GLOBANT, a software development company with its headquarters in Luxembourg, seems to be the latest victim of the Lapsus$ hacking outfit.
This week, the group declared that it was "back from vacation," and it posted a 70GB torrent file on its Telegram channel, claiming that the dump included, among other things, Globant's customer source code.
Google, LinkedIn, Electronic Arts, and Coca-Cola are just a few of the company's customers. Last year, a member of Lapsus$ gained access to Electronic Arts' endpoints, while it is unknown if the two breaches had anything in common at the attack. Another image shared by Lapsus$ showed a folder holding several alleged Globant customers, including Facebook, Citibank, and C-Span.
The Lapsus$ hacking group gained headlines for the first time in December 2021 when it conducted a ransomware attack against the Brazilian Ministry of Health, taking the COVID-19 vaccination data of millions of Brazilians in exchange for money.
Since then, it has targeted several high-profile technical companies, getting information from Nvidia, Samsung, Microsoft, and Vodafone, among other companies. Aside from that, Lapsus$ was able to disrupt several Ubisoft services and get access to a laptop belonging to an Okta contractor, potentially putting the data from hundreds of organizations who rely on the service in danger. It is also suspected of being responsible for the attack on EA Games that occurred last year.
Shortly after the Okta attack, a report identified a teenager from England as the mastermind of the hacking ring, with another teenage member perhaps living in Brazil, according to the article. One of the group's members is believed to be so skilled at hacking that analysts felt the group's operation was being carried out automatically. The London police busted the Lapsus$ group on March 24th, and seven juveniles were taken into custody.
Other resources included a list of company passwords that the firms in question used to log into source code sharing websites such as GitHub, Jira, Crucible, and Confluence.
According to the researchers, there are multiple repositories containing "very sensitive information," according to the researchers. This includes TLS certificate private keys and chains, Azure keys and API keys for third-party services, 7,000 candidate resumes, more than 150 databases, and a "large number" of private keys for various services.
A statement to TechCrunch admitted the attack, stating it uncovered unauthorized access to a "limited portion" of its corporate code repository. Globant declined to comment more. According to the statement, an investigation is now being conducted.
Some cybersecurity specialists seem to believe that the publication is genuine. SOS Intelligence CEO Amir Hadzipasic remarked on the breach for the same journal, stating that the leak is genuine and very significant in terms of the company Globant and the people who the hack has impacted.

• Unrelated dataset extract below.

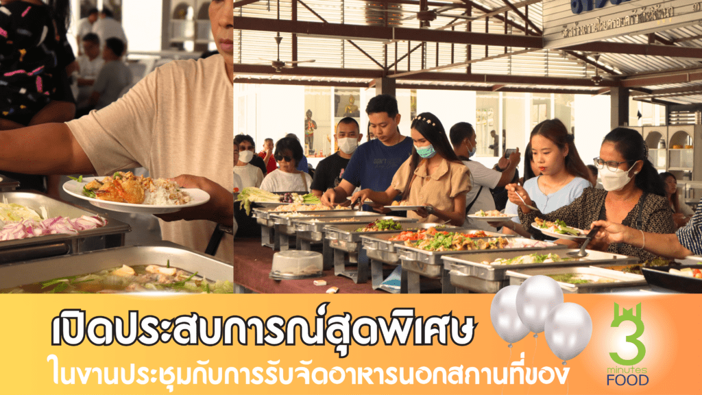 เชิญทุกท่านมาเปิดประสบการณ์สุดพิเศษกับการรับจัดอาหารนอกสถานที่ของ 3minutesfood เปิดประสบการณ์ที่ไม่ซ้ำใคร เพราะทีมเราได้สร้างประสบการณ์ใหม่ๆ ที่ไม่เหมือนใครให้กับลูกค้า ด้วยทีมงานที่มีคุณภาพและมีความเชี่ยวชาญในการบริการรับจัดอาหารนอกสถานที่ ไม่ว่าจะเป็นการเสิร์ฟเมนูอาหารหลากหลายชนิด การออกแบบโต๊ะอาหารให้ตรงกับธีมและความต้องการของลูกค้า โดยทีมงานมีความเชี่ยวชาญและประสบการณ์ในการรับจัดอาหารนอกสถานที่มากว่า 10 ปี มั่นใจได้เลยว่าลูกค้าทุกๆ ท่านจะได้รับประสบการณ์ที่ดีที่สุดในการประชุมหรืองานอีเว้นท์ทุกๆ ครั้งที่มีทีมเราอยู่ด้วยแน่นอน

As of early 2022, Lapsus$ has risen to become one of the most notorious names in the tech industry, having hacked into the systems of several major tech companies, including Nvidia, Samsung, LG, Microsoft, and Okta.
Many suspected Lapsus$ members have been imprisoned in the United Kingdom. They are believed to be handled by a teenager who lives with his mother. Several suspected Lapsus$ members have recently been apprehended in the United Kingdom.